Software Development Life Cycle (Sdlc) Essay Examples
SDLC refers to Software Development Life Cycle. It can be defined as a conceptual process that is used in project management. It describes the several stages involved in an information system development project, from an initial viability study through preservation of the completed application. SDLC always aims at developing high-quality software or hardware that can meet or even exceeds the customer’s expectations and reaches its completion within a short period and using the minimal cost.
There are several SDLC models that are frequently followed by different organizations. These include: the waterfall model that involves finishing the first phase thoroughly before commencing the next one (Seema 2012). When each phase is entirely satisfactory, it is usually reviewed to see if the project is on track and whether it is practicable to continue. This type only assumes that all requirements can be specified, and since conditions change throughout, other models were developed.

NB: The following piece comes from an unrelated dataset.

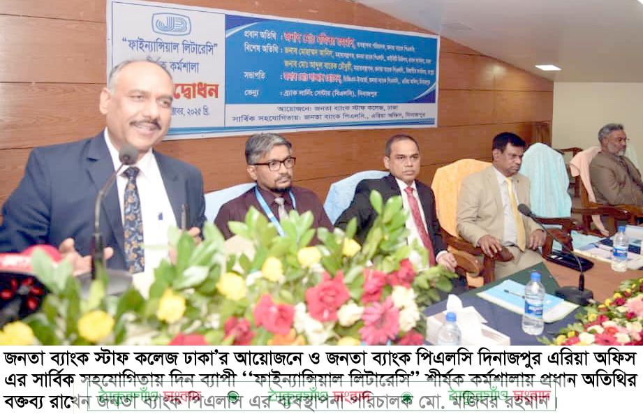 জনতা ব্যাংক স্টাফ কলেজ ঢাকা’র আয়োজনে ও জনতা ব্যাংক পিএলসি দিনাজপুর এরিয়া অফিস এর সার্বিক সহযোগিতায় দিন ব্যাপী ‘‘ফাইন্যান্সিয়াল লিটারেসি’’ শীর্ষক কর্মশালা অনুষ্ঠিত হয়েছে। এতে প্রধান অতিথি ছিলেন জনতা ব্যাংক পিএলসি এর ব্যবস্থাপনা পরিচালক মো. মজিবর রহমান।

Secondly, the V-shaped model- this kind of model focuses on the implementation process in the sequential way that is similar to the waterfall model (Nabil & Govardhan 2010). The model differs from the Waterfall model in that more significance is placed on testing. It typically functions better where requirements are easily understood. Testing methods are usually written even before code writing begins. The system plan is normally generated before the beginning of the development phase that is the opposite of what happens in Waterfall. It involves the use of testing design that usually happens before coding and therefore saving time. Hence, it has high chances of success over other models such as a waterfall model.
The third model is the big bang model. This is a model where there is no particular process and formal development required to be followed, and hence it needs little planning. The lack of a particular process differs entirely from the Waterfall and V-shape model that follow specific processes. Its development always starts with the required money and efforts as the input. On the other hand, the output is the software developed which might or might not be as per the customer requirements. Typically, this type of model is followed for few projects because of the high-risk nature unlike in the Waterfall model where the risk is reduced by ensuring progress is made after satisfactory results.

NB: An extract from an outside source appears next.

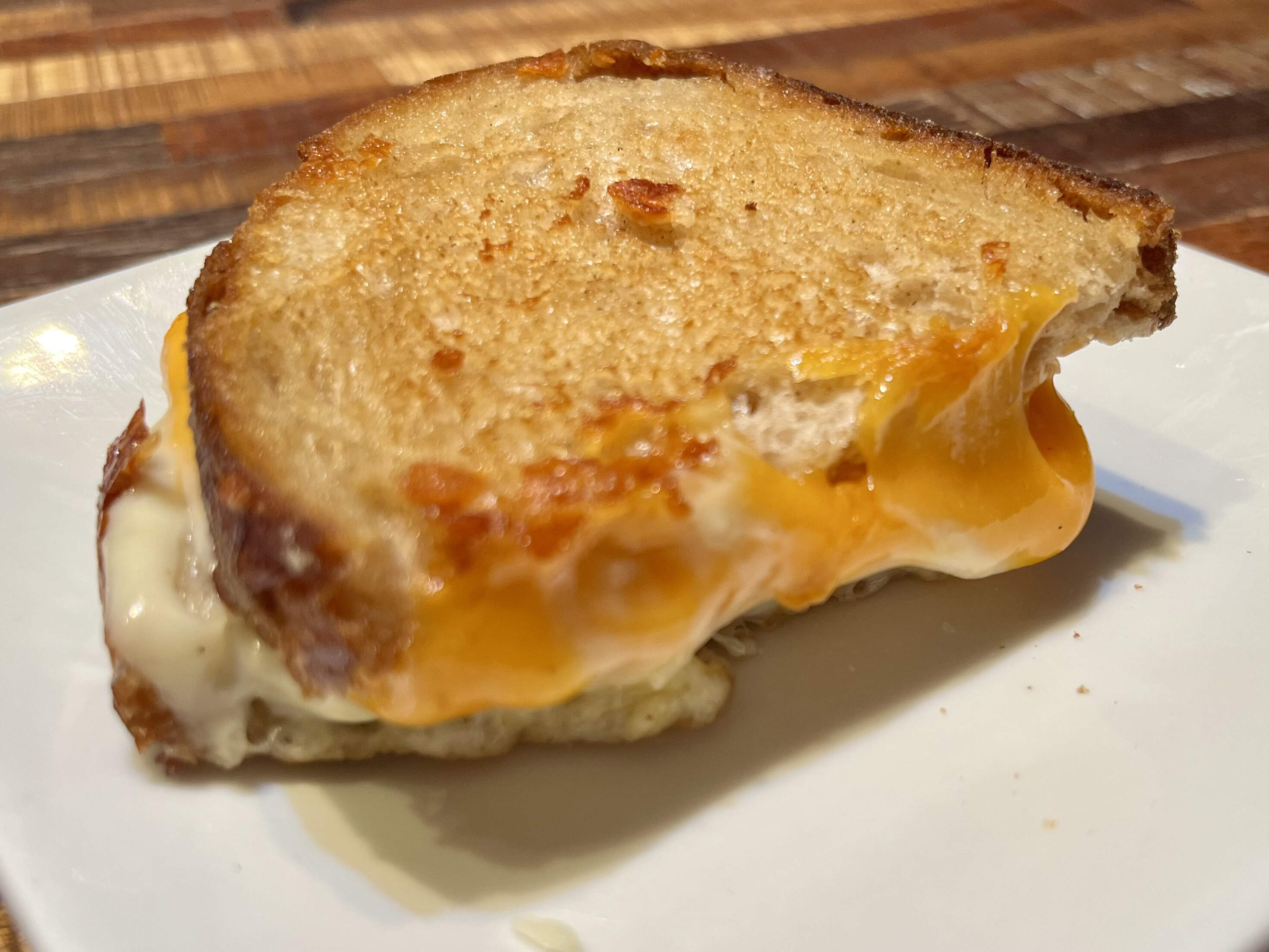 I didn’t eat anything at the place bc $$$, so when we got home my PIC made me a delectable grilled cheese with mozzarell’, cheddar & Havarti that I obliterated in under 5 minutes

Another model is the RAD model (Seema 2012). The RAD model is recommended to be used only when a system can be modularized to be delivered in the incremental way. It should be used if there is high availability of designers for modeling. Its actual systems are developed and built, and coding is done by using automation tools that are used to change processes and other data types to real prototypes. It focuses on incremental delivery working types that lead to rapid delivery to the customer. This, however, reduces the risk of non-conformance with the actual requirement hence it is more effective than the other models. However, it only works when there is skilled personnel, and this makes it more complicated and less efficient than the other types such as big bang model.
Software prototype is another model (Blanchard & Fabrycky 2006).This refers to building software applications that display the functionality of the result of development, but, not hold the precise logic of the innovative software. It assists in getting valuable feedback from customers and also helps designers understand what is expected from them. It is used mostly in transferring of too many data processing, and most of its functionality is always internal with very few user interfaces that, however, does not benefit from the prototyping. Consequently, it more flexible in use than other models such as RAD that requires skilled personnel to operate.
Blanchard, B. & Fabrycky, W. (2006).System Engineering Analysis (4th ed.). New Jersey: Prentice Hall.
Seema Sona. (2012). Analysis and Tabular Comparison of Popular SDLC Models. International Journal of Advances in Computing and Information Technology, 1(3): 277-286.
Nabil A. & Govardhan A. (2010). A Comparison between Five Models of Software Engineering. International Journal of Computer Science, 7(5): 94-101.